Recent advances in magnetoresistive technology have evolved new fuel level sensors for general aviation applications. This system is not affected by any additive or fuel combination to replace 100LL for piston-powered aircraft.

Single-engine light aircraft fuel tanks are usually in the wings, but some aircraft have a small "header tank" between the normal fuel tank and the engine, to facilitate reliable fuel flow to the engine. On many small or very old single-engine aircraft, header tanks (and even main tanks) are often mounted above and/or immediately behind the engine. A few (particularly ultralight aircraft) have them in the fuselage or on the airframe behind the pilot and/or passenger(s).

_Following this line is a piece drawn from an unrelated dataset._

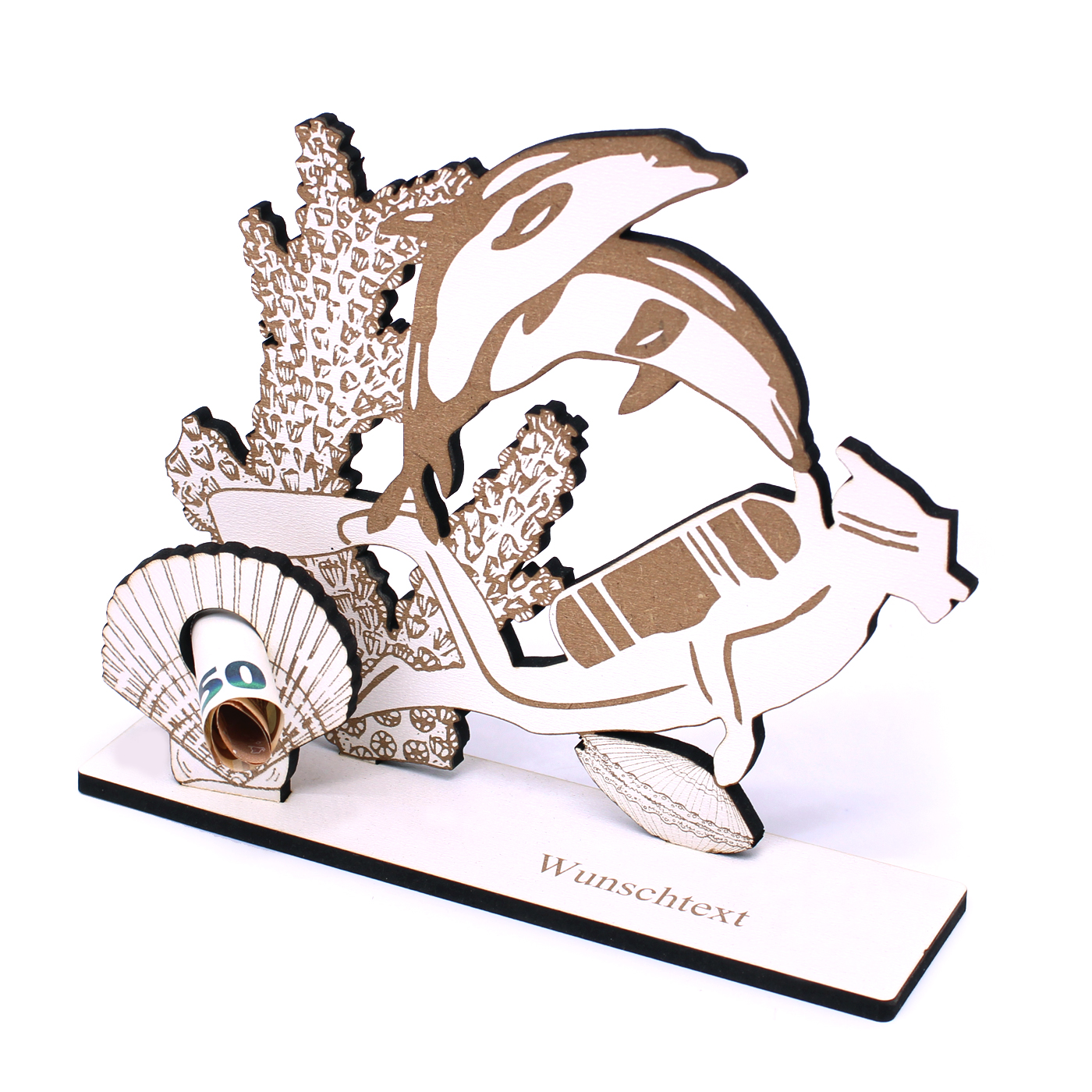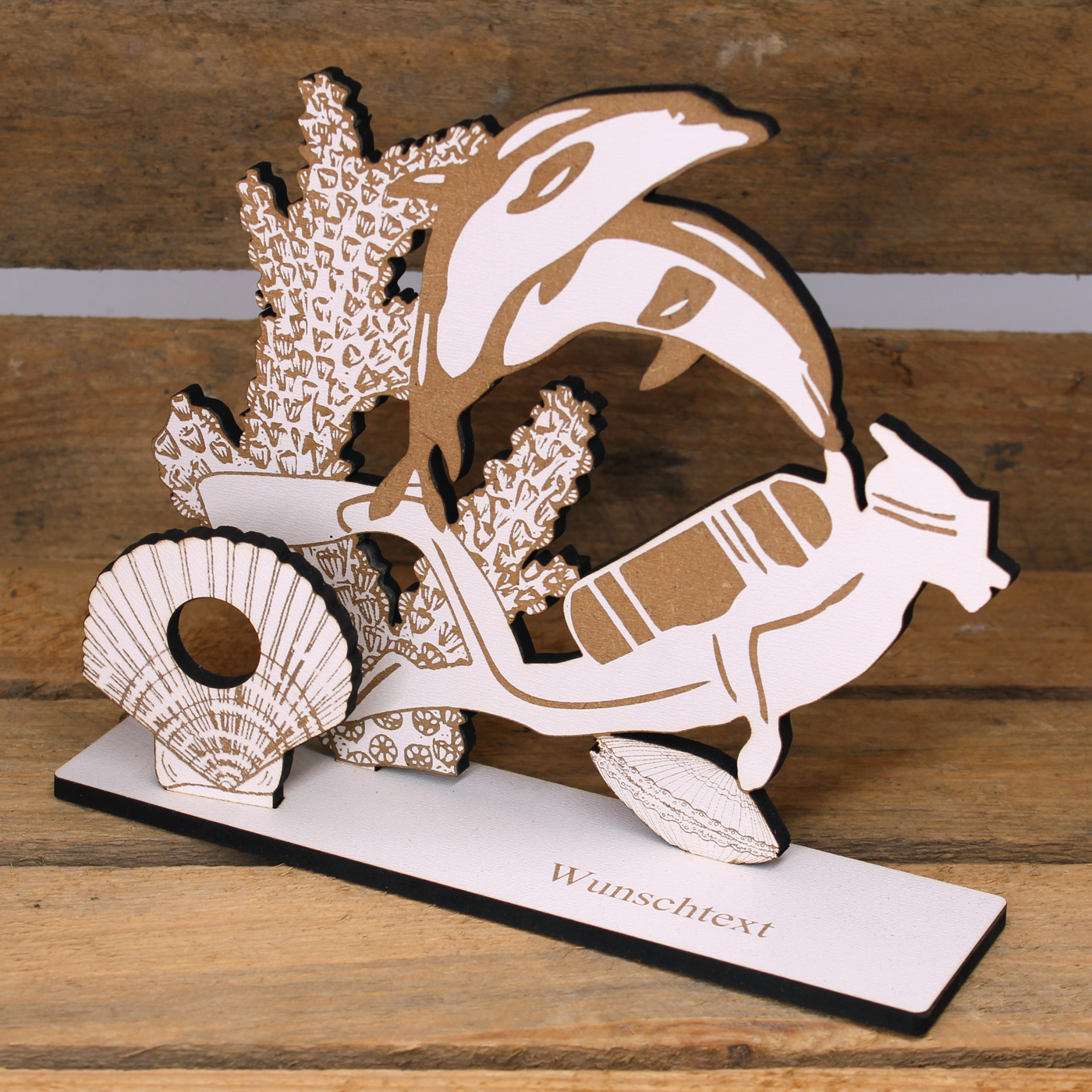 Dekoratives Schild zum Hinstellen in Form einer Unterwasserwelt mit einem Taucher, Delfinen, Korallen, Muscheln und persönlichem Wunschtext.

==Multi-engine aircraft fuel system ==
Adding tanks and engines increases the complexity of the fuel system and its management. Additional features found in multi-engine aircraft are:

- Each wing tank often has its own electric boost fuel pump, and each engine has its own mechanical pump, replicating the fuel system described above for the single engine.
- In case of single-engine operation, there is often a method incorporated to "cross-feed" the engine (left tank feeding right engine, or vice versa).
- To balance asymmetric weight, flow valves and pumps often are used to feed both engines from one tank or simply to transfer fuel between tanks.

==Turbine fuel system==
All of the considerations made for the twin piston are applicable to turbine fuel systems. Additional consideration apply because of the higher altitudes, different fuel, lower temperatures, and longer flights.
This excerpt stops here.